Super Size Me
What’s the Story?
Filmmaker Morgan Spurlock takes on American fast food culture in general and McDonald's in particular in this prize-winning documentary. He eats nothing but McDonald's food for an entire month, and says "yes" whenever he is asked if he wants to supersize his order. To the horror of his vegan chef girlfriend and the three doctors who monitor his 25-pound weight gain and severe liver damage, he eats "meat, meat, sugar and fat" for a month. At first, his body rejects the supersized food and he throws up. But by the end of the month he craves McDonald's food and feels happier and calmer when he has eaten some. He also talks to experts, including a surprisingly svelte man who eats his 19,00th Big Mac on camera, the lobbyist for the food companies, and a law professor who is suing McDonald's on behalf of two obese teenagers. Spurlock visits schools that feed students the same kind of "cheap, fat-laden" meals served by fast food outlets -- provided by the USDA's school lunch program. He also finds one school for kids with behavior problems in Wisconsin that is experimenting with a healthy, additive-free menu with successful results and no extra costs.
Is It Any Good?
Mordantly funny and trenchantly sobering, SUPERSIZE ME is a Big Mac attack with real bite. Spurlock strikes just the right note, frank about irresponsibility at the personal and corporate level but more bemused than outraged. America has the biggest everything, including the biggest people. We have alternatives, but we choose what is easy.
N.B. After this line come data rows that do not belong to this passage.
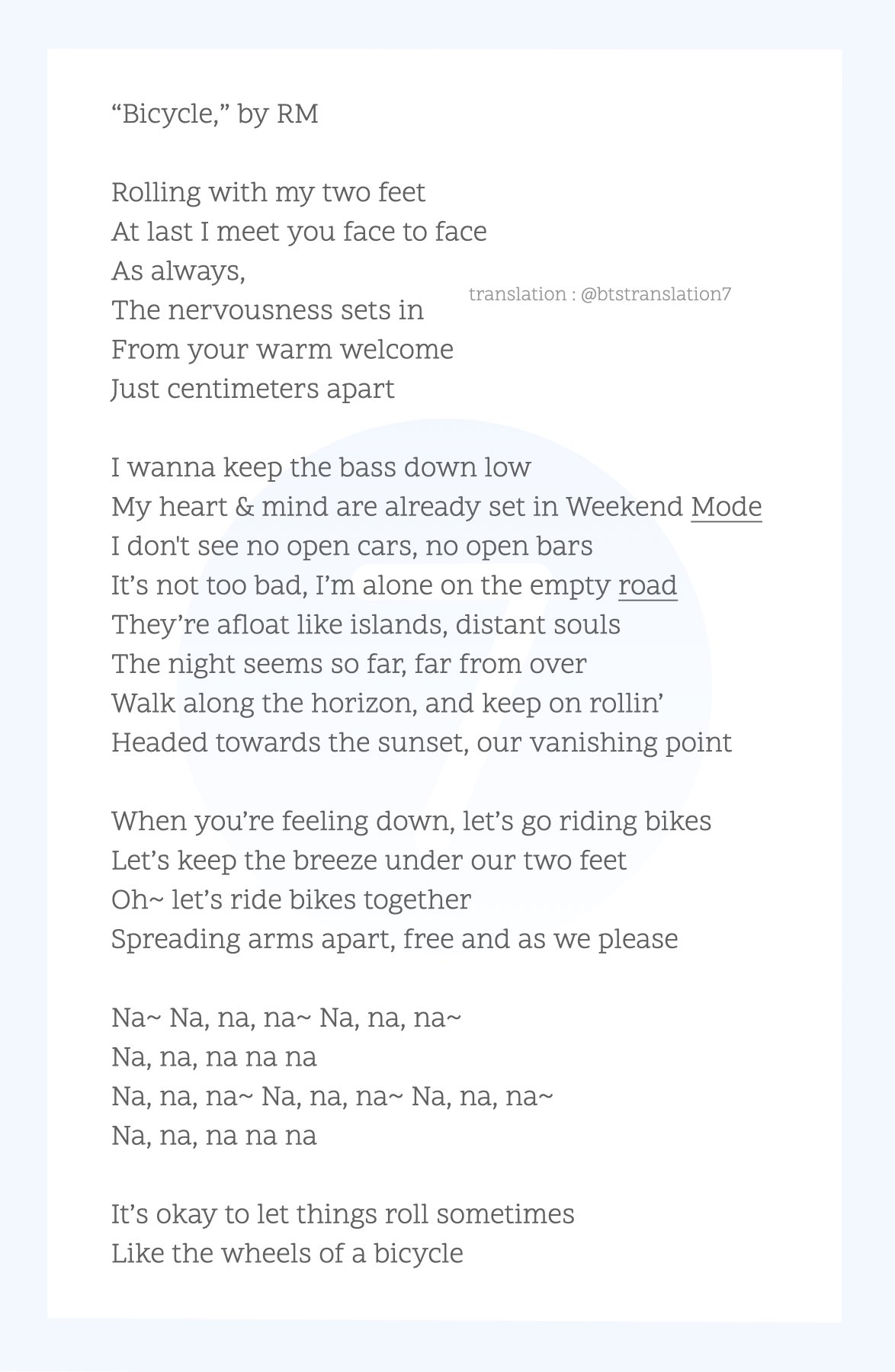 스튜디오 On Twitter Bicycle By Rm English Lyrics Translation Here Is My Translation And Interpretation Of Namjoon S Beautiful Lyrics Make Sure To Check Out Other Translators Posts Too As Always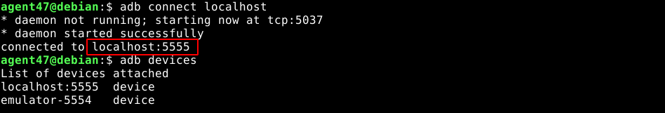 kristi;- Setup an SSH tunnel from my attack host to the target on port 5555, which is the port used by ADB.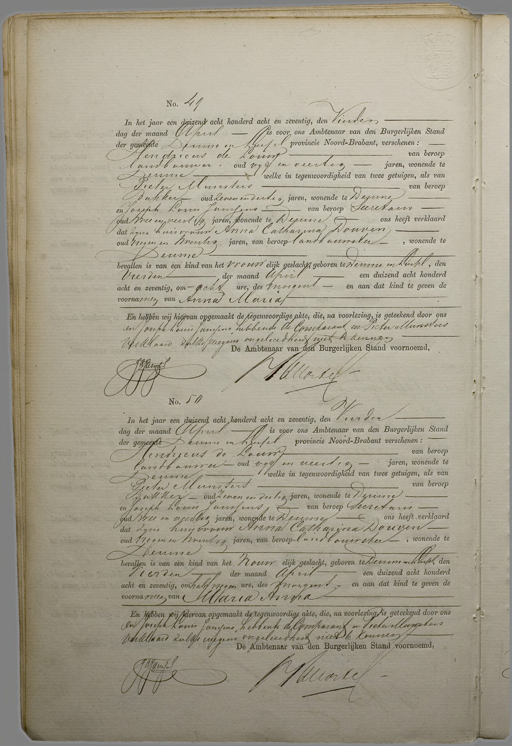 Getuigen: Pieter Munsters, 37 jaar oud, bakker uit Deurne en Joseph Louis Janssens, 44 jaar oud, secretaris uit Deurne.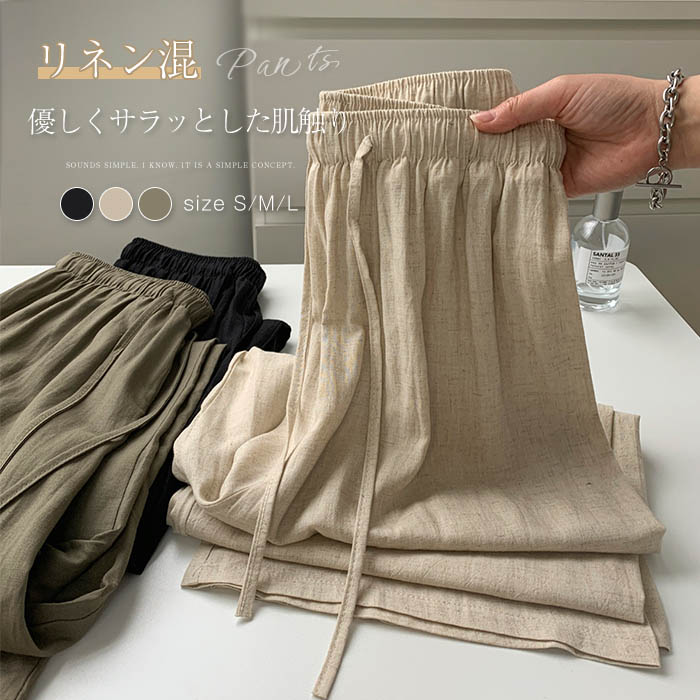リネン ワイドパンツ レディース ゆったり ロング マキシ リネンパンツ ワイド パンツ 大きいサイズ イージーパンツ ボトムス フレアパンツ ロング 麻混 リネン混
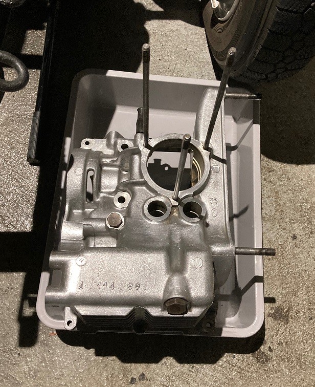 Le moteur est sur l'établi, c'est léger, ou je suis fort, j'attends l'outil pour retirer le rotor de la dynamo, je pourrai attaquer ainsi le démontage du moteur. En attendant je vais m'occuper des culasses, démonter les soupapes, les nettoyer et si elles sont bonnes, les roder.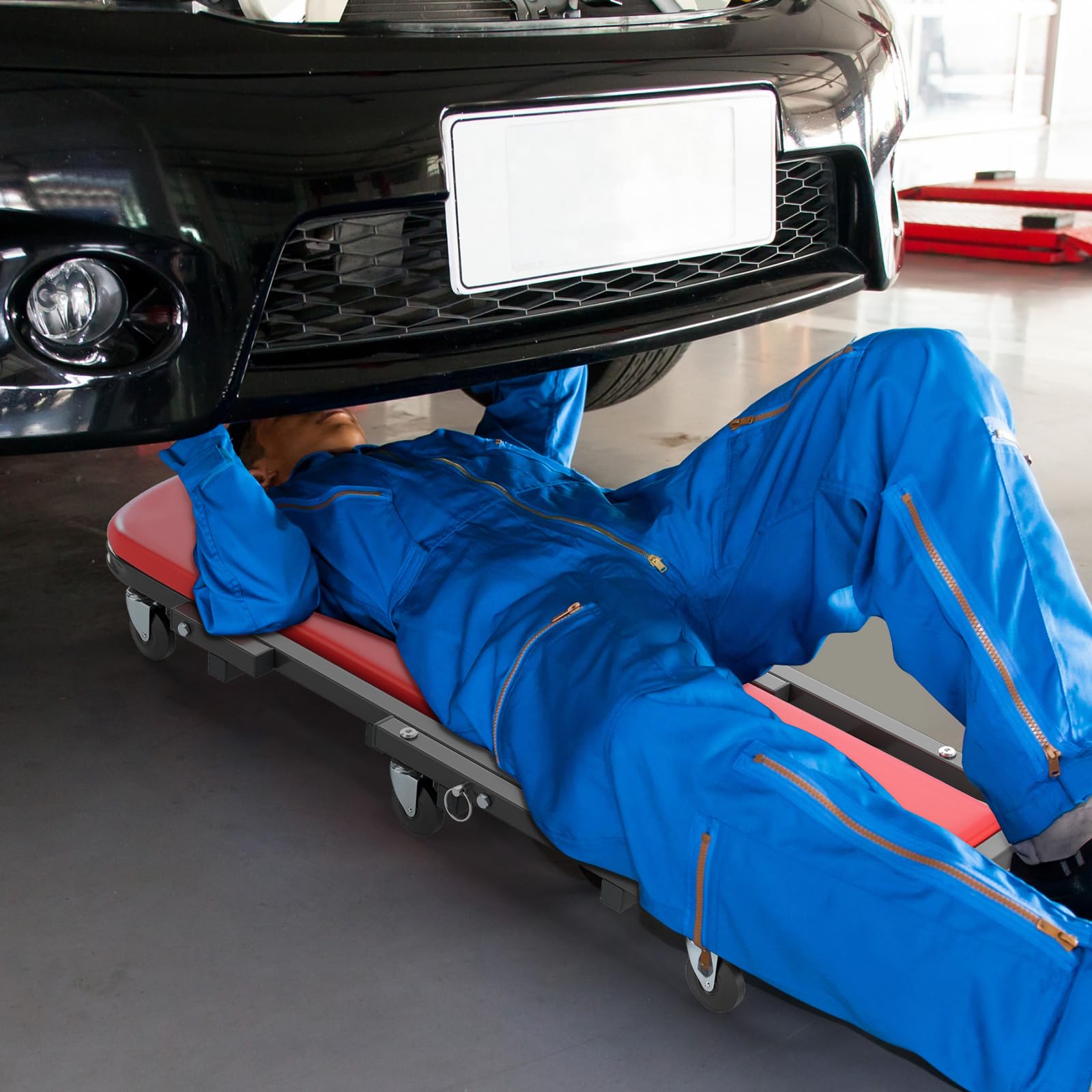 This low-profile mechanic creeper boasts a versatile 2-in-1 design that easily transforms from a comfortable seat to a creeper with just a simple pin pull, giving you the flexibility to sit or lie down as needed. Built with a robust heavy-duty frame, it supports up to 300 lbs when used as a seat and 350 lbs when used as a creeper. 6 swivel casters provide smooth and silent movement across various workshop floors, boosting your productivity. For added coziness during long tasks, the foldable garage chair is equipped with a soft padded seat cushion to keep you comfortable throughout your work.

We spend much more on food that is bad for us -- and then on diet books -- and then on treatment and lawsuits -- than we do on exercise and other ways to prevent disease. The "small" size soda in the US has the same volume as the "large" sold in other countries. Yes, companies sell us food that is not good for us -- Spurlock's doctor says that his liver has gone from perfectly healthy to "pate" -- but we are the ones who want to supersize everything, even ourselves.